Is paradigm shift is close to us? – EMA’s public consultation on evaluation of anticancer medicinal products
European Medicines Agency (EMA) recently published an open consulation about the evaluation of anticancer medicinal products.
The concept paper anticipates that EMA considering to change the current assessment procedure from indication (location) based approval to the pathological mechanism approach.
For details please check the original document:
The partial implementation of this new approach had been already made in the US. In 2017, FDA approved pembrolizumab for the treatment of adult and pediatric patients with unresectable or metastatic solid tumors that have been identified as having a biomarker referred to as microsatellite instability-high (MSI-H) or mismatch repair deficient (dMMR).
For the first sight maybe it is not a big change but it has really deep impact on our current system.
By the time of approval of pembrolizumab, every other anticancer treatments were approved based on the origin of the cancer cells. That is why we call them skin, brain or lung cancer. Due to this approach clinical trials had to be conducted for brain or lung or skin cancer separately, even if the common biochemical and pathological routes were proven. As a consequence the Indication section has became enormous.
If EMA truly consider acceptable to implement new this assessment approach this will change and we all need to reevaulate our current practices within the full spectre of pharmaceutical industry.
Repurposing of currently owned drugs will work fine and the companies can win dozens of patents but this won’t work too long. Find new signaling pathways will be essential and in silico start-ups will be really valuable in the race.
Point-of-care testing (POCT) devices will produce huge amount of money. For every medicine a test will be needed to prove that the medicine fits into the indication. If the company can develop a good POTC and sell along with the medicine (as some company has already started) the share-holder will be really satisfied.
Medical experts and regulatory officers needs to be prepared as all new regulations as conseqence will keep them busy for a while.

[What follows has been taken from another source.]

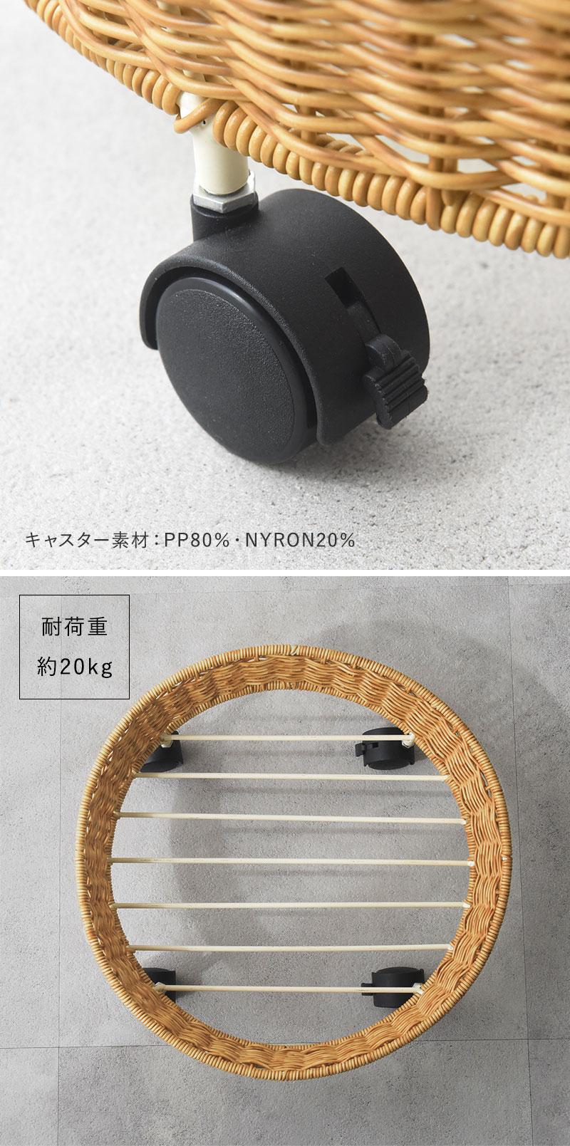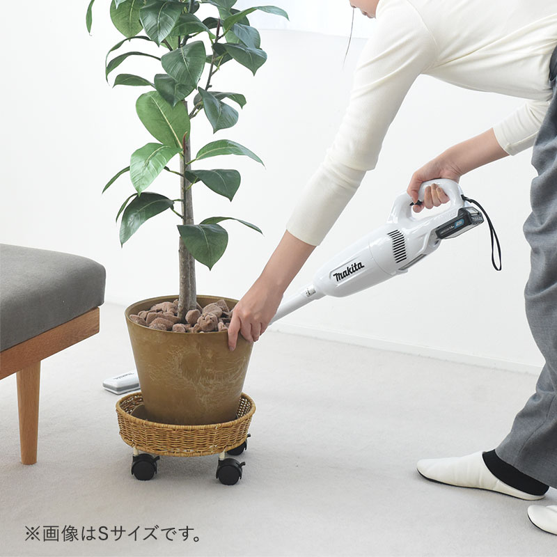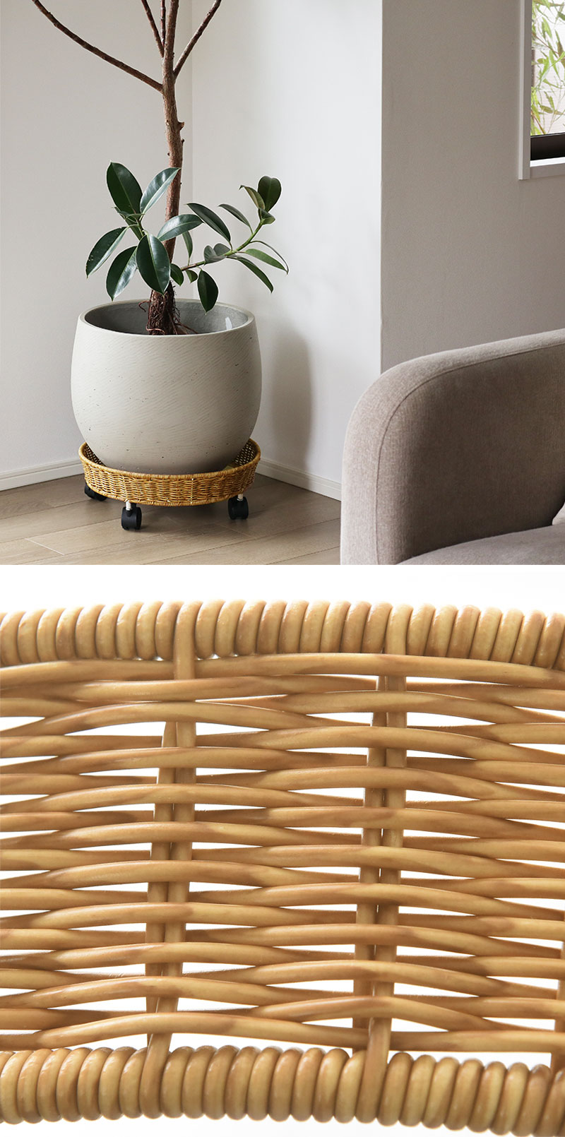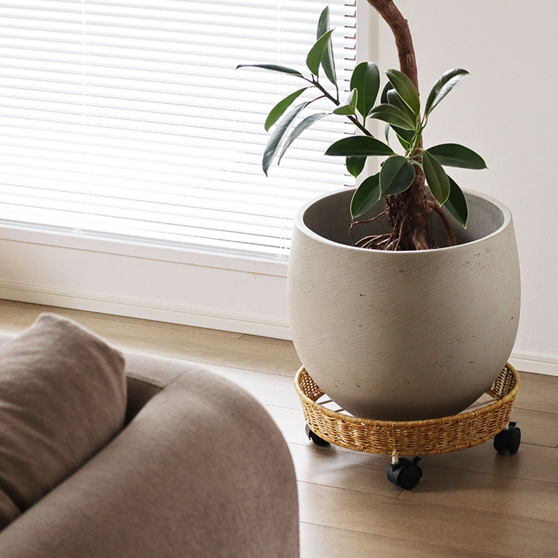 まるで天然素材のラタンを編んだような、ナチュラルな佇まいのプランターベース。植物との相性はもちろん、周りの家具やフローリングの木目とも馴染んでくれます。

Biochemistry studies will be strongly supported in order ot detect and prove all type of cancer signalling pathways. To make this possible the instrumental background should be improved fast. Currently only 20% of protein-protein interactions are revealed and the most popular high-throughput methods creates many false positive findings. Well designed and characterised in vitro cell line will be alse greatly appreaciated.
This is a great opportunity to the research groups to create some outstanding result and develop cooperation with industry.
Clinical trial settings planning and the trial inclusion and exlsusion criterias will be based on biomarker tests. Maybe less trials will be started but the laboratory background will be more important. The biostatistical model also needs to be tailored accordingly.